The listing below holds a line with "Redan i början" and a line with "游戏介绍2.元宝 本服唯一货币 通过官方充值或打装备回收". Reproduce those two lines exactly, plus everything between them.

***** Records

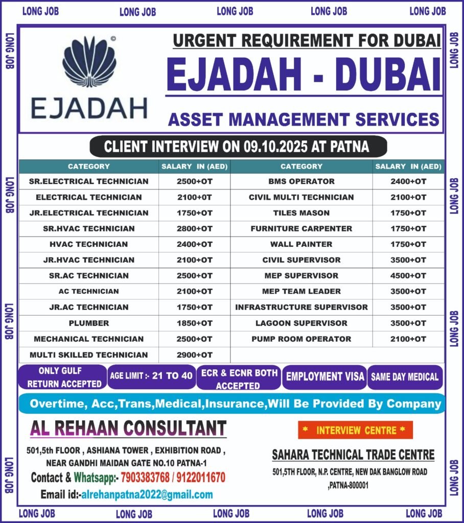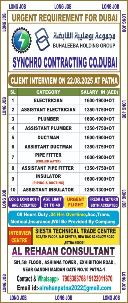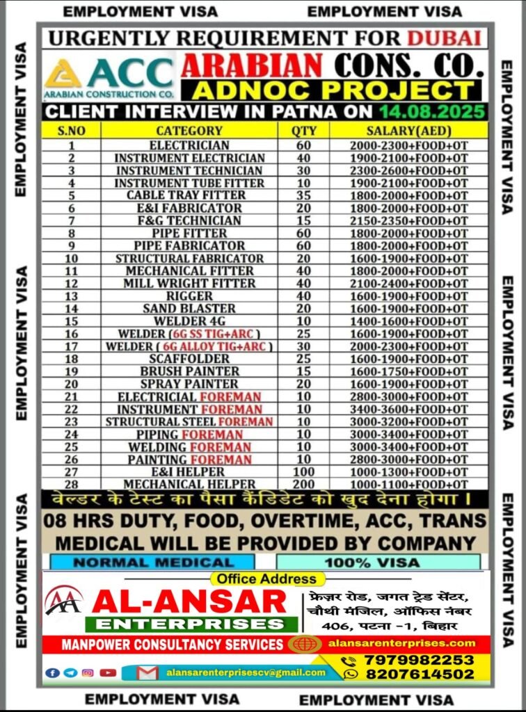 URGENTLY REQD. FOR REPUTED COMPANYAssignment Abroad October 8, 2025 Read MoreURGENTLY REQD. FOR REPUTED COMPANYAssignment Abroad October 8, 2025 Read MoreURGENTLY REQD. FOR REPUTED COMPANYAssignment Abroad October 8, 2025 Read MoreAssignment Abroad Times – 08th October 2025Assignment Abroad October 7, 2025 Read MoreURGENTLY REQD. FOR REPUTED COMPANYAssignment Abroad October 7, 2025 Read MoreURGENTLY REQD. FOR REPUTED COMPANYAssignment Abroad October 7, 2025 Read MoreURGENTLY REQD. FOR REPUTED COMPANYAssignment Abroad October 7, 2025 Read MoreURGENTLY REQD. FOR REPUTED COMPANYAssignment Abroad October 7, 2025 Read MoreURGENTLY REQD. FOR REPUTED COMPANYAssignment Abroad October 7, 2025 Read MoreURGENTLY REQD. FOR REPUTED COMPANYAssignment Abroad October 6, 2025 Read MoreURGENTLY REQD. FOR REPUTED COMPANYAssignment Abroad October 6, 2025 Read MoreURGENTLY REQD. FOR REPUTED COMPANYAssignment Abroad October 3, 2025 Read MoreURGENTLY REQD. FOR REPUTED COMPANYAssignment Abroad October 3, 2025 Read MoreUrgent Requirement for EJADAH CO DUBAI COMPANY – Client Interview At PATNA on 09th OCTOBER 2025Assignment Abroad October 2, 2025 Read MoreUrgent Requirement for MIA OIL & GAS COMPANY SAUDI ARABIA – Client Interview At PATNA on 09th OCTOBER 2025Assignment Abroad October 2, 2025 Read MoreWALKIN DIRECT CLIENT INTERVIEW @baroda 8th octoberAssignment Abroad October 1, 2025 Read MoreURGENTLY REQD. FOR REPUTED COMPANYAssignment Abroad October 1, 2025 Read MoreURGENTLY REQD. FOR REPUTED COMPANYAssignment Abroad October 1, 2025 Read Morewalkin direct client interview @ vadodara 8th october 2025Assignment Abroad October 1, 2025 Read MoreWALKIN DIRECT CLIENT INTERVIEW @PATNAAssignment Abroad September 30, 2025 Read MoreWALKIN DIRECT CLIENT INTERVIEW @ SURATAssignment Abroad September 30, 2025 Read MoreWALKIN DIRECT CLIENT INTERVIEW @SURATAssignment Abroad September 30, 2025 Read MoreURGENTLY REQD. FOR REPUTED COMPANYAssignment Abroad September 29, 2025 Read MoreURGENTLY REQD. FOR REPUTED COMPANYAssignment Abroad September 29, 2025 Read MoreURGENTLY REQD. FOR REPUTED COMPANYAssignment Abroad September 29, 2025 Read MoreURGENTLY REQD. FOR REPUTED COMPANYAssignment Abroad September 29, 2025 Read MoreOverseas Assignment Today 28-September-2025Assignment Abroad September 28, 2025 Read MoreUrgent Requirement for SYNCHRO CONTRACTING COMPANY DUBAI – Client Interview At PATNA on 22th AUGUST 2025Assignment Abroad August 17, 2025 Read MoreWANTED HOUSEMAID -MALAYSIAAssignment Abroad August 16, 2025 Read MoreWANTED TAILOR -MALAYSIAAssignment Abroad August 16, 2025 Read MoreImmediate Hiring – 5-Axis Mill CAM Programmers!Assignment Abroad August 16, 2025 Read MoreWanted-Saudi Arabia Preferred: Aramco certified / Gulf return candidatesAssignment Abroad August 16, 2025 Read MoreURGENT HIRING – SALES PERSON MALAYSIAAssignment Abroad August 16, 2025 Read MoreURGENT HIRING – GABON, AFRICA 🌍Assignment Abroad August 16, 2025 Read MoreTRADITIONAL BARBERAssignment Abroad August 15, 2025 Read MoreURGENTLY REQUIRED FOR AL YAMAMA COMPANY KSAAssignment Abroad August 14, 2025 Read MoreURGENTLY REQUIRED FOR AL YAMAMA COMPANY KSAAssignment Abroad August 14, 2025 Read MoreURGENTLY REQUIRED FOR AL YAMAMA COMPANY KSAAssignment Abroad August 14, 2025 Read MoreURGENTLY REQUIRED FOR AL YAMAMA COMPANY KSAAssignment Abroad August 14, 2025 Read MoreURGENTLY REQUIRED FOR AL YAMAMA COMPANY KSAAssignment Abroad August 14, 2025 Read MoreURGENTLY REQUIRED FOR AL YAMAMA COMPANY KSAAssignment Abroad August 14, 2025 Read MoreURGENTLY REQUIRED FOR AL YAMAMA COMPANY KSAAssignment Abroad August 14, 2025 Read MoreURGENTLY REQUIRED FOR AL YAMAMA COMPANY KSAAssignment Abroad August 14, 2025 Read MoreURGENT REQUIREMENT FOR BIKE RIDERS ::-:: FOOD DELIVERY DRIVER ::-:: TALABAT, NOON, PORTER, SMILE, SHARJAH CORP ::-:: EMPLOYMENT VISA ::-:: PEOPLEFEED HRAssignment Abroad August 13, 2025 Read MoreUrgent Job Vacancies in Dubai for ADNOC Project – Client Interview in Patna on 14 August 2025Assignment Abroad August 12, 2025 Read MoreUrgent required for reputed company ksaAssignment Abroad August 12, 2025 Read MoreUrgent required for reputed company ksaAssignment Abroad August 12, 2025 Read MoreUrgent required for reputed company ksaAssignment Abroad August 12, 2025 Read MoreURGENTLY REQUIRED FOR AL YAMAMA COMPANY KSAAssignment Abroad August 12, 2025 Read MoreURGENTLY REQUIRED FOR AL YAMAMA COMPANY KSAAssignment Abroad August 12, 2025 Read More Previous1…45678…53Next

**********
***** Records

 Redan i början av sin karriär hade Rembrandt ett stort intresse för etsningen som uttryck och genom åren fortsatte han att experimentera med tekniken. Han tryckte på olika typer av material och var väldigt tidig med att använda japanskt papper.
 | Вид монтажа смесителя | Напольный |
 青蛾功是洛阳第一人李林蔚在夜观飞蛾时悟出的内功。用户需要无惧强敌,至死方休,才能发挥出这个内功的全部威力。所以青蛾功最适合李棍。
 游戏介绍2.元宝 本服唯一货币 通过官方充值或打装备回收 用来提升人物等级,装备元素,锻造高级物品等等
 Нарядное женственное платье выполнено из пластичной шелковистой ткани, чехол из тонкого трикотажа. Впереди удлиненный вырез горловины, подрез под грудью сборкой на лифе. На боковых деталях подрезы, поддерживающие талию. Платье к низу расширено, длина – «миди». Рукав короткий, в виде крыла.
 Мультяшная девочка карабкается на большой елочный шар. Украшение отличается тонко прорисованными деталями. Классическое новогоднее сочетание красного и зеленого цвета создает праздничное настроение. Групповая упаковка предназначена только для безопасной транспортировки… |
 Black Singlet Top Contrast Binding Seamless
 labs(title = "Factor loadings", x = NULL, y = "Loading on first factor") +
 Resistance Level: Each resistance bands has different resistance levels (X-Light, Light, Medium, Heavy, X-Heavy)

**********

**Exercise solution:**
 Redan i början av sin karriär hade Rembrandt ett stort intresse för etsningen som uttryck och genom åren fortsatte han att experimentera med tekniken. Han tryckte på olika typer av material och var väldigt tidig med att använda japanskt papper.
 | Вид монтажа смесителя | Напольный |
 青蛾功是洛阳第一人李林蔚在夜观飞蛾时悟出的内功。用户需要无惧强敌,至死方休,才能发挥出这个内功的全部威力。所以青蛾功最适合李棍。
 游戏介绍2.元宝 本服唯一货币 通过官方充值或打装备回收 用来提升人物等级,装备元素,锻造高级物品等等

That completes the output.